Никогда не забуду первого утра в Америке – я проснулся, вышел на улицу, и то, что я увидел, было культурным шоком
– Конечно, но путешествие в иной мир невозможно без предыстории, и Данте в него попадает в определенном состоянии в определенном возрасте, прожив какую-то другую жизнь. Я думаю, что приехавшие в детстве или в преклонном возрасте не испытывают таких трансформаций, а мои герои переехали 20-летними, они, с одной стороны, сформировались, с другой – еще открыты иным мирам. Мне кажется, этот отрезок, от 20 до 50 – это настоящее путешествие – не в загробный мир, но все же в мир иной. Я никогда не забуду: мы уехали в начале июня 1987 года, до этого много лет были в отказе – и, конечно, фантазировали, как устроена жизнь на Западе. После почти целого лета в Италии мы прилетели в США, в маленький университетский город, где мои родители живут 20 лет. И я никогда не забуду первого утра в Америке – я проснулся, вышел на улицу, и то, что я увидел, было культурным шоком. Вот, знаете, Ильфу и Петрову не верили, думали, пропаганда, но это была настоящая одноэтажная Америка, с деревянными домиками – и это была столица штата! То есть пробуждение в таком пространстве после 20 лет в Москве – это, конечно же, начало совершенно другого пути. И мои герои тоже это испытывают – что они совершили не просто перелет, а переход в другое состояние. То есть я моделировал нарратив, но не придумывал всей подноготной, поскольку я ее подробно наблюдал и исследовал.
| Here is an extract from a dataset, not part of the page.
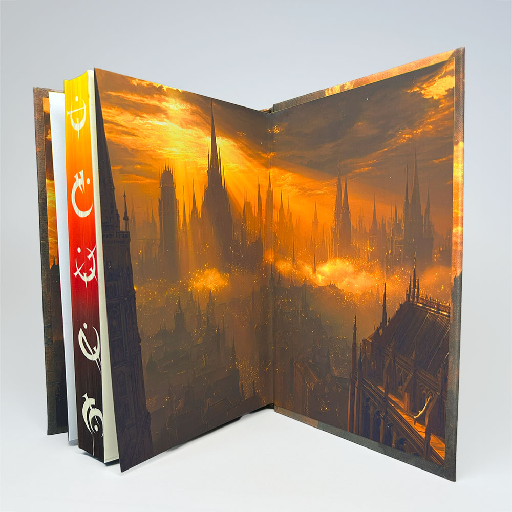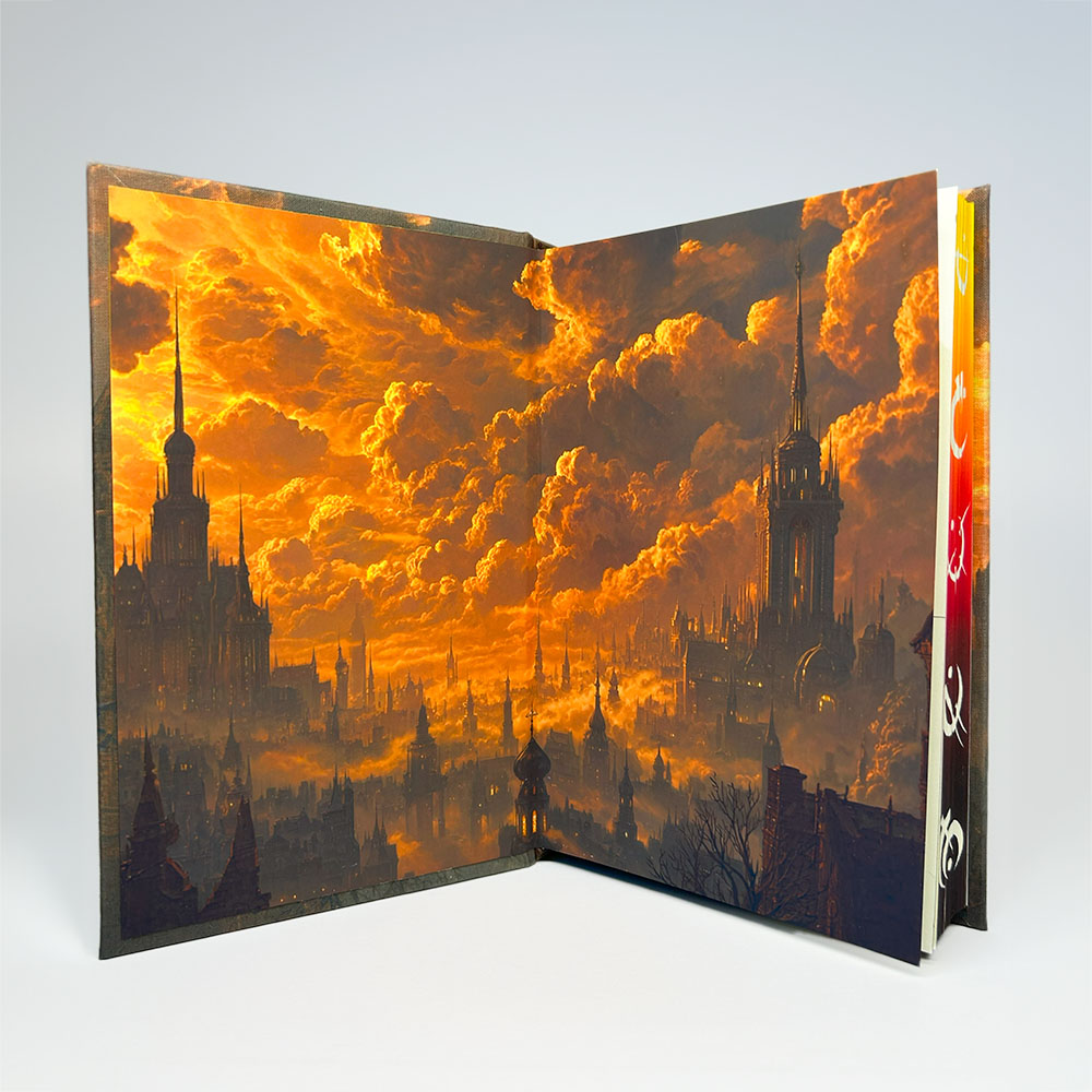 En el interior, las guardas ilustradas reproducen la ciudad al anochecer, atrapada entre la niebla y el fuego del crepúsculo.

– Скажите, Максим, вы сейчас следите за жизнью в России?
– И да, и нет. Я приезжаю сюда дважды в год. На Преображенском еврейском кладбище похоронены почти все мои предки с отцовской стороны, родственников не осталось, я – единственный, кто посещает эти могилы, и для меня эта поездка уже поэтому имеет огромный смысл. Потом, я много лет связан с музеем Набокова, с Набоковскими чтениями, и еще очень важно, что здесь есть возможность представить новые книги, выступить перед читателями. Наконец, я каждый год вожу в Россию своих дочерей, которым 10 и 12 лет, и это тоже важно. Да, я слежу за жизнью в России, но уже больше как наблюдатель, многие вещи меня уже не трогают. И не потому что я черствый человек, просто многие местные треволнения больше не находят в моей душе отклика. Я не говорю о вопросах политики – демократического или тоталитарного будущего, преследования инакомыслящих: для того, чтобы за это переживать, не надо быть выходцем из России. Но, например, литературная жизнь российская меня уже мало трогает – я живу другими культурными начинаниями. Тем не менее я продолжаю относиться с огромным трепетом к культуре послевоенного советского периода. Например, перерабатывая свой рассказ "Посмертная любовь", я вдруг осознал свое кровное родство с Трифоновым – вот как это объяснить?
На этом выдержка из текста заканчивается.